何度も何度もスマホの日付と時間を確認する。

おかしい。

もう、18時30分を過ぎた。いつもなら18時10分には東口に来るのに……。

ひとつ前のメッセージのやり取りでは

『今日、会えるの、楽しみです!仕事頑張ってきます!』

と出勤前に送られてきたメッセージが残っている。

忘れてるわけじゃ、ないよな?

忙しいんだろうか?……店の様子、見にいくか?

いや、でも、行き違いになって会えなくなっても、困るな。


『陽向?仕事終わったか?忙しいのか?いつもの所で待ってる』

とメッセージを送り、しばらく画面を眺めて待つが、一向に既読にはならない。

もう18時40分過ぎだ。さすがに、遅いよな?

ふぅ、ひとつ深呼吸をしてから、電話のマークをタップする。


ピリリリリリ、ピリリリリリ、ピリリリリリ……

機会音だけが耳に響く。

どうした?どうしたんだろう、陽向。

体調でも、悪いのか?

どっかで、倒れたりしていないか?……店、見に行ってみるか。

陽向の夕ご飯の入ったビニールの袋をぎゅっと強く握りしめた。



HARE caffeの自動ドアが開かないように、窓の隙間から、店の様子を伺う。

そんなに、混んでいない。レジには何度か見た事のある店員がレジ前の菓子を並べていた。

よし、暇そうにしてる、今なら、聞けるかも……。

思い切って店の中へ入り、レジへまっすぐ突き進んだ。

「いらっしゃいませー、あ、あら?」

「あ、すみません。あの、買いに来たんじゃないんですが……その、お聞きしたい事があって……」

 店員は嫌な顔ひとつせずに笑顔で「どうかなさいましたか?」と尋ねてきた。


「その……、陽向、陽向……や、柳瀬?くんは、もう、退勤、されてますか?あの、約束してたんですけど、来ないから、気、気になって……」

言葉がつっかえつっかえでしか出てこない。

「柳瀬ですか?えっーと、お客様は柳瀬のお友だちだと存じておりますので、特別にお教えしますが……基本的には従業員の事に関しては、本来ならお教え出来ませんからね。」

 そ、そりゃそうだ。釘を刺された。何してんだ、俺。陽向とは、友だちでも無いが、ここは、黙っておこう。 冷や汗が額からつぅっと垂れてくる。
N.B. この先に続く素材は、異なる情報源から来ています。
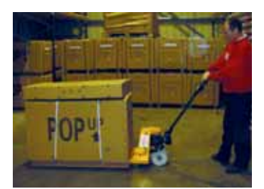
The Pop-Ups arrive in packed in cardboard boxes.

Introduced at last year's Hire show in January, the PopUp is not self propelled, it is a push around scissor lift. With a weight of only 272kgs though, it is easy enough to handle. Once in place and the castors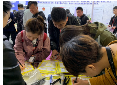
↑ People were signing up for the magazine at Ringier's booth

During the 14th Five-Year Plan period, several factors will impact China's socio-economic conditions and together with the adjustment of the world economic structure following the onslaught of the pandemic, new changes of industry development will be seen. In this critical period, new emerging fields are expected to need the strong support from the plastics industry. For example, the aging of the population will give birth to a huge health, medical and elderly care industry; new material industries, including graphene, carbon fiber, emerging membrane and bio-based materials, will become in high demand; the development of new energy industry will require a large number of high quality internal and external trims, battery films and other plastic products; artificial intelligence will reshape the rubber and plastics industry; and environment protection and recycling will be integrated into the production process of those engaged in plastics and rubber manufacturing.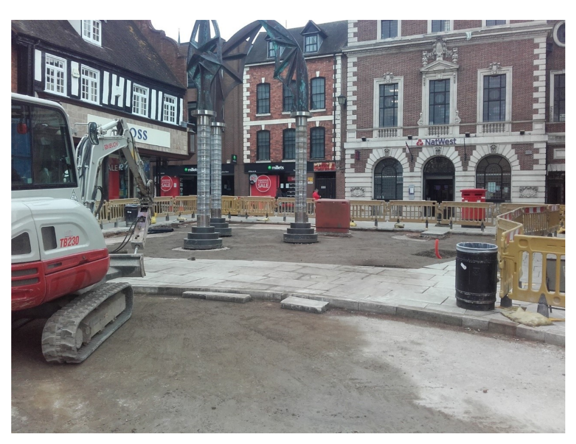
Concrete sub base laid in Darwin Gate Square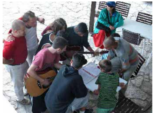
Taking advantage of a free moment to sing some songs that made the Revolution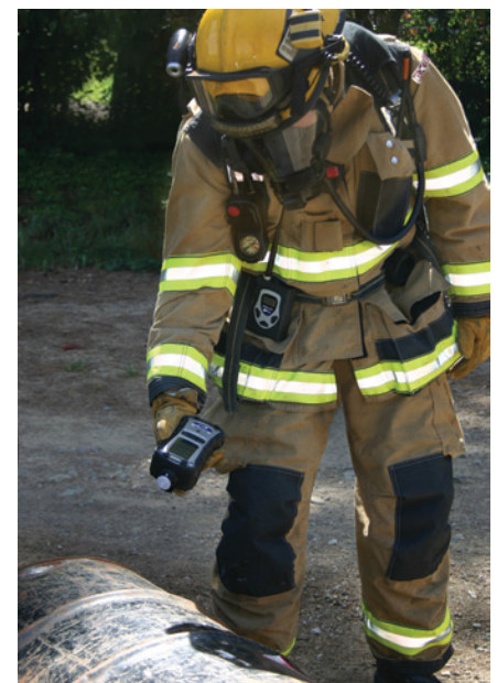
MultiRAE Pro with RAELink3 used for screening potentially hazardous drums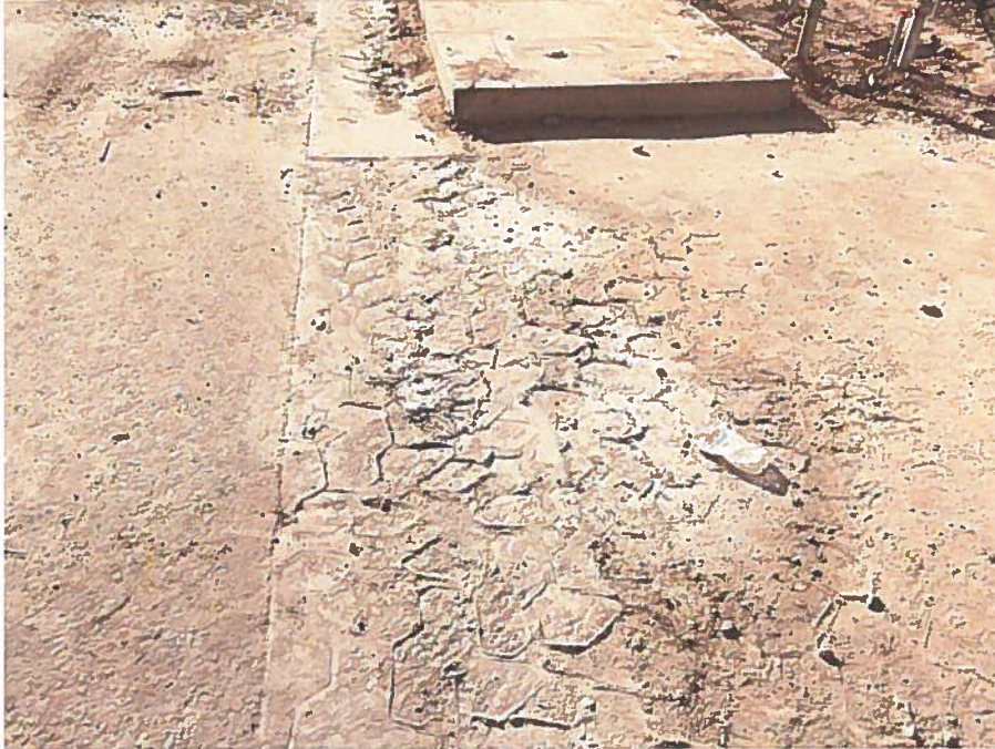
Wash-out in on-site valley gutter.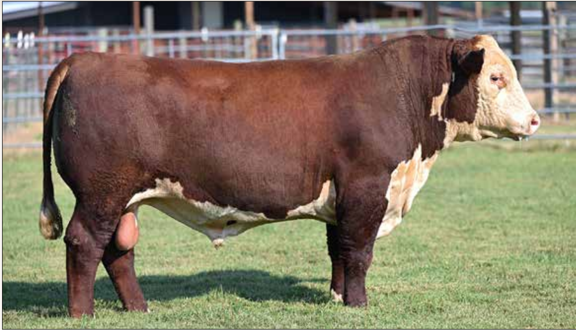
Lot 15 – KRM B7 SIR FORTIFIED L169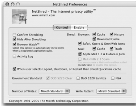
Figure 4: Preferences for running NetShred X automatically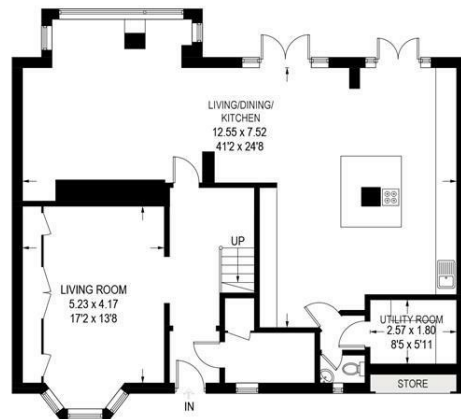
GROUND FLOOR = 120.3 SQ M / 1295 SQ FT

APPROXIMATE GROSS INTERNAL AREA = 302.7 SQ M / 3258 SQ FT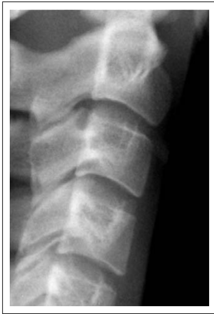
Figure 5. Visualization of the 2nd, 3rd, and 4th cervical vertebrae in the CVMS IV.

Faculdade de Odontologia de Araçatuba, UNESP. The sample included both male and female with ages ranging from 6 to 16 years old with the average age of 9 years and 7 months old. The cephalograms were made according to protocol 19 which is recognized by the Discipline of Radiology at UNESP.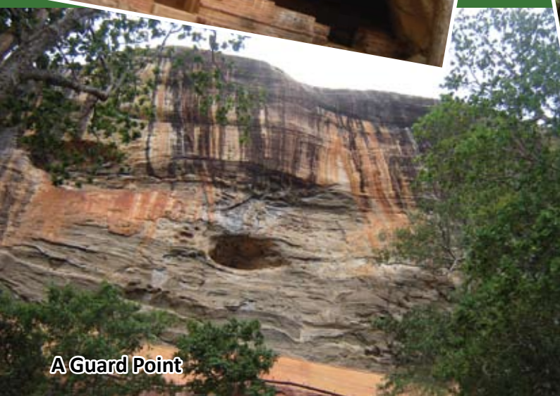
A Guard Point

「柳瀬は18時30分頃に退勤しましたよ。今日は途中体調崩していたので、その分残って、仕事を終わらせてくれてから退勤しました。仕事終わる頃には、体調は大丈夫そうだったのですが……もしかしたら、また体調悪くなっているのかも……何か連絡ありません?」

「体調、崩してるんですか?陽向……。」

やっぱり、どこかで倒れているのか?

いや、でも、陽向の家は東口方面だ。倒れていたりにしろ、約束を忘れていたにしろ、東口は絶対通るはずだ……。もしかして、何かに、巻き込まれている?

「あ、あの!陽向の家って……」

「ん、んーー、と、さすがに、住所は……個人情報なので……」

「で、ですよね……あの、す、すみません。も、もし、陽向から、何か連絡あったら、その、……東口にいると……伝えてもらえますか?」

たらたらと垂れる冷や汗をTシャツの腕の部分で拭いとる。

一気に恥ずかしくなり、店員の返事も待たずに出口へと向かった。

やべぇ、これは本気で怪しいやつだと思われたかもしれない。

友だちなのに、家も知らない?連絡も取れない?

不審に思われたかもしれない。 いや、でも陽向は退勤したとわかった……。

じゃあ、本当に、どこに行ったんだよ?

いつもなら、仕事終わったら、ニコニコしながらいつもの柱の所へ来るだろう?

 陽向、陽向? 再びメッセージアプリを開くが、一向に変わらない画面。陽向、どうしたんだよ。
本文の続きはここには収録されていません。